-- DATA BLOCK follows --

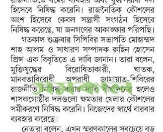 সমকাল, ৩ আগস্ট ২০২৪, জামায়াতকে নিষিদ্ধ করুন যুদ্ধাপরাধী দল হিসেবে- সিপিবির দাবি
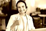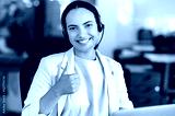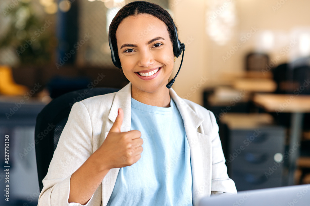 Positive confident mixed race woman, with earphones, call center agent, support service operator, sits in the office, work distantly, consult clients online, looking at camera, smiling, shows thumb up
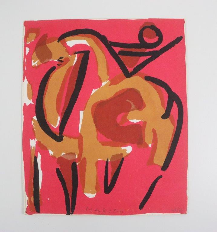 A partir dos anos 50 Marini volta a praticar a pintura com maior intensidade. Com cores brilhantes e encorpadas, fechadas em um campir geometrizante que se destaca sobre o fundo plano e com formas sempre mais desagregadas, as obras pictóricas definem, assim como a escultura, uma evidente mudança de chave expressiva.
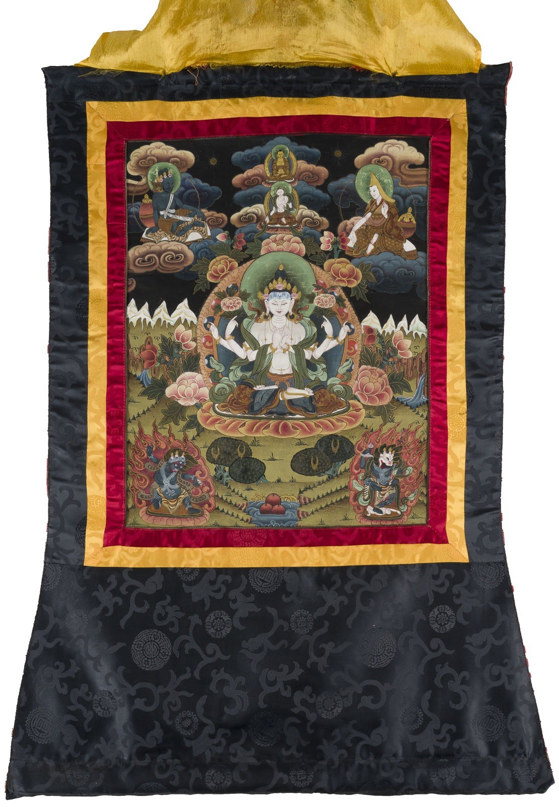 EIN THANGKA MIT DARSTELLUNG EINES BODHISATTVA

-- DATA BLOCK concluded --

■ **TASK OBJECTIVE**
From the line that contains "A partir dos" to the last line of the data above, inclusive, transcribe every line exactly and only those lines, omitting pictures.

■ **EXERCISE RESPONSE**
 A partir dos anos 50 Marini volta a praticar a pintura com maior intensidade. Com cores brilhantes e encorpadas, fechadas em um campir geometrizante que se destaca sobre o fundo plano e com formas sempre mais desagregadas, as obras pictóricas definem, assim como a escultura, uma evidente mudança de chave expressiva.
 EIN THANGKA MIT DARSTELLUNG EINES BODHISATTVA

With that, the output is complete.